== Task description ==
Repeat the data exactly as given below, dropping every picture.

Provided material Block Start

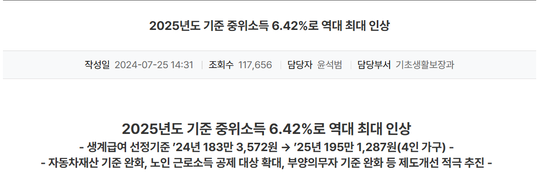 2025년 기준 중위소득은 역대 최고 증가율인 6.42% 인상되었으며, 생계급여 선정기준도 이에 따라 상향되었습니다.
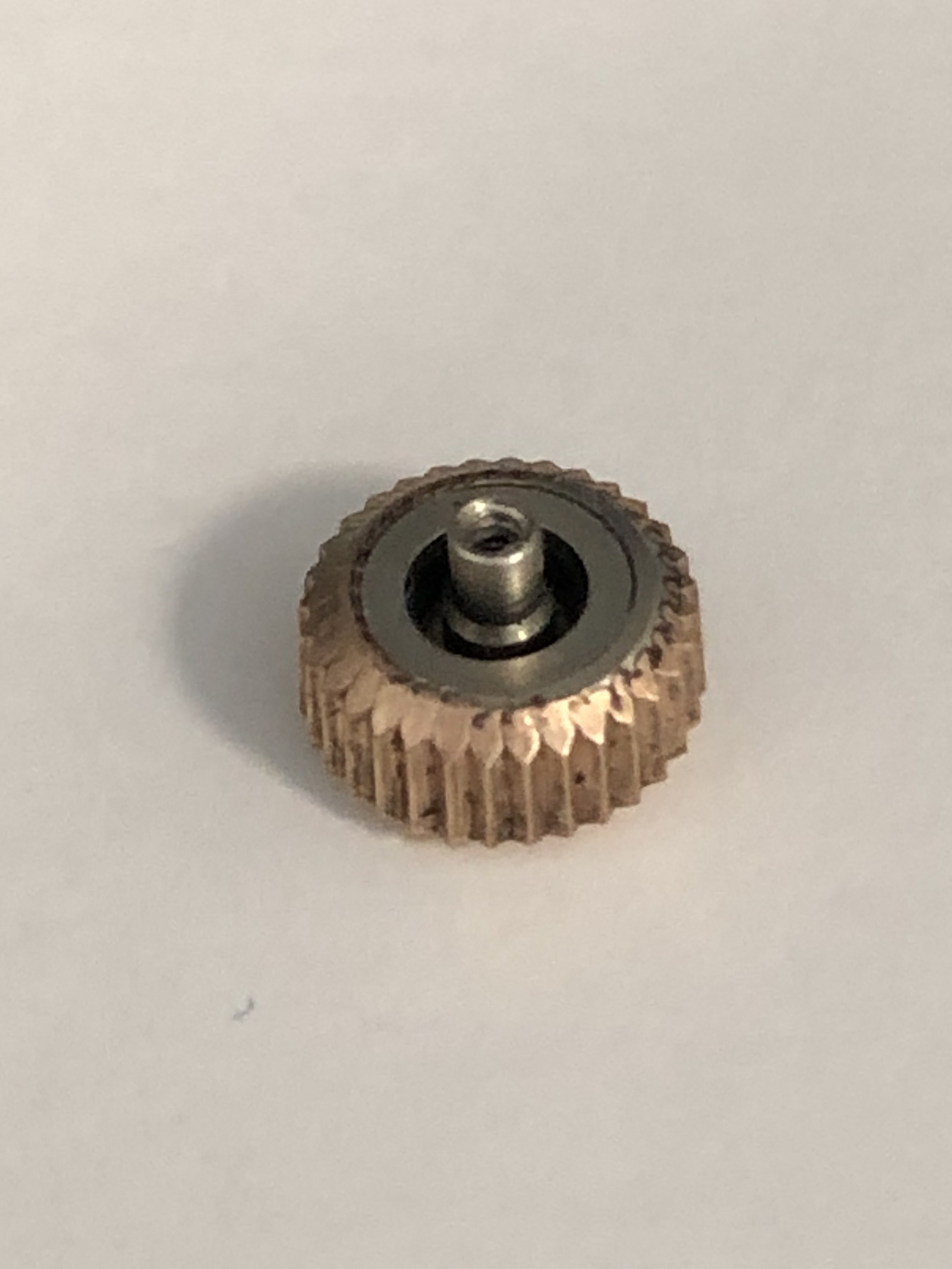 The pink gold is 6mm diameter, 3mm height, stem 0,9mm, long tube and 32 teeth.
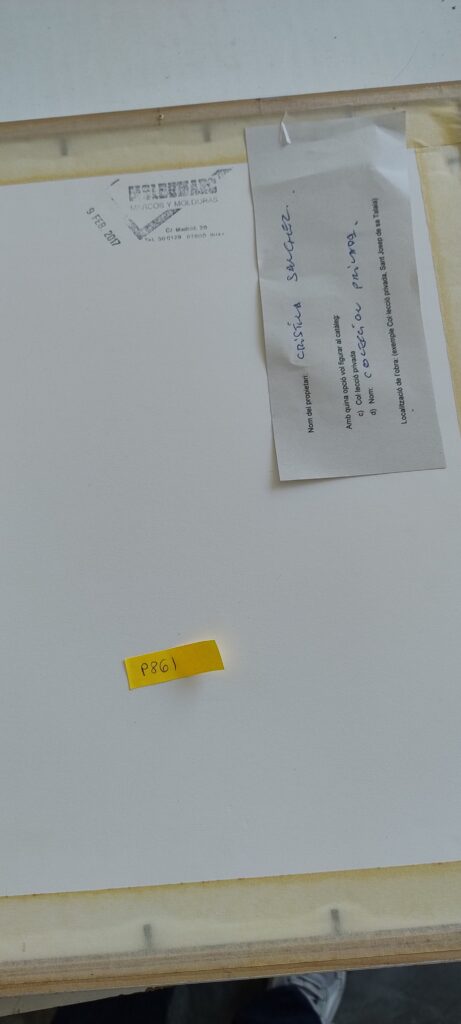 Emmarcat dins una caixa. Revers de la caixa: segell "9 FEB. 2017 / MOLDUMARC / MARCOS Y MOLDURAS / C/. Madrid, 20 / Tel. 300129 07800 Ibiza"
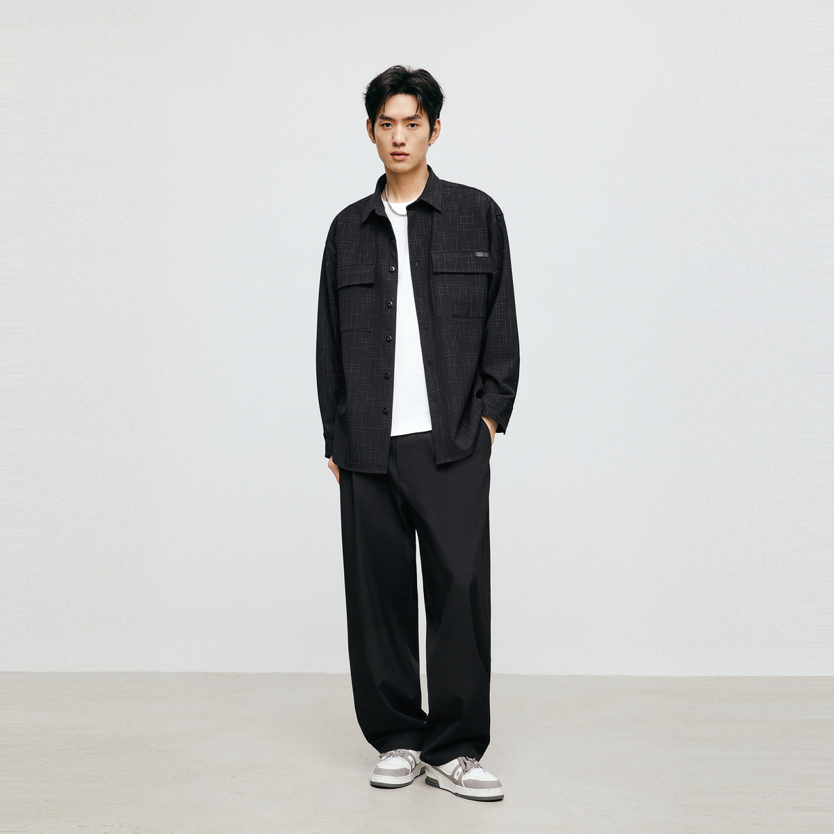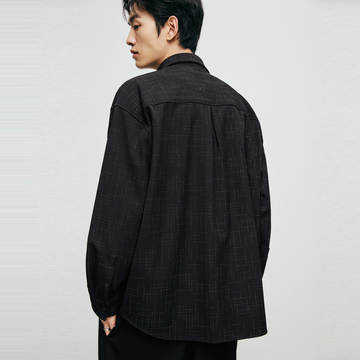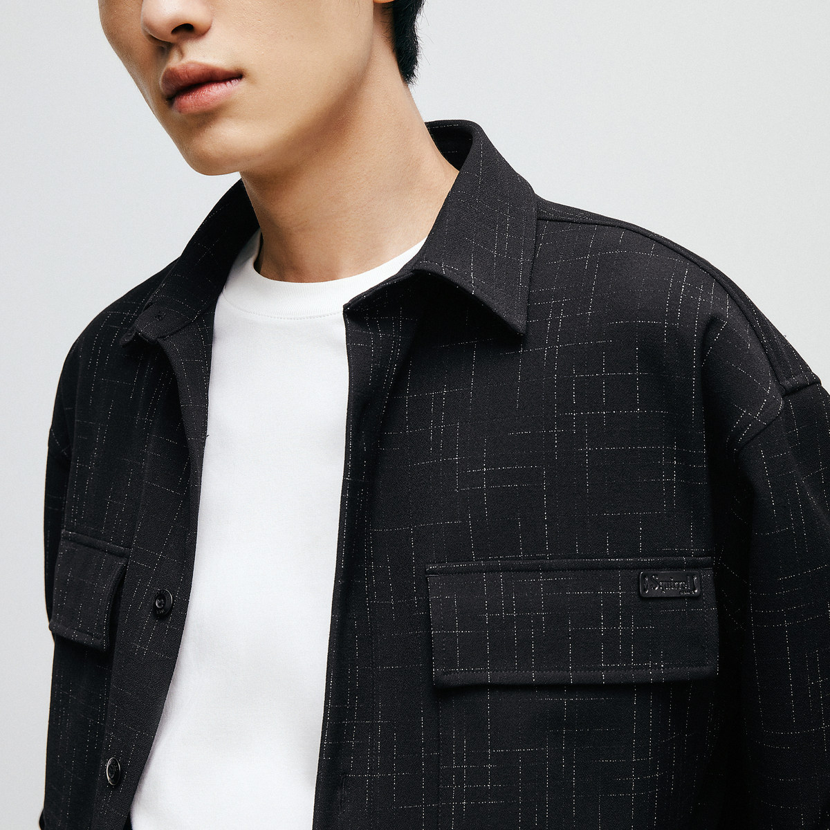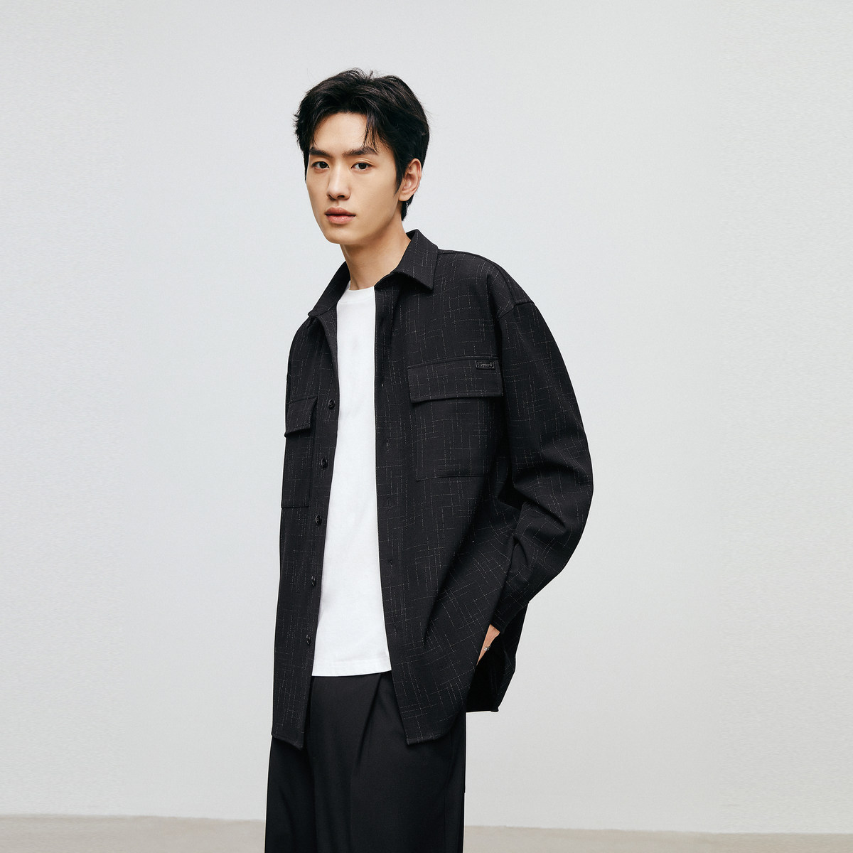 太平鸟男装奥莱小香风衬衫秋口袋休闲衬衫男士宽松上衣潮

Provided material Block End

== Solution ==
 2025년 기준 중위소득은 역대 최고 증가율인 6.42% 인상되었으며, 생계급여 선정기준도 이에 따라 상향되었습니다.
 The pink gold is 6mm diameter, 3mm height, stem 0,9mm, long tube and 32 teeth.
 Emmarcat dins una caixa. Revers de la caixa: segell "9 FEB. 2017 / MOLDUMARC / MARCOS Y MOLDURAS / C/. Madrid, 20 / Tel. 300129 07800 Ibiza"
 太平鸟男装奥莱小香风衬衫秋口袋休闲衬衫男士宽松上衣潮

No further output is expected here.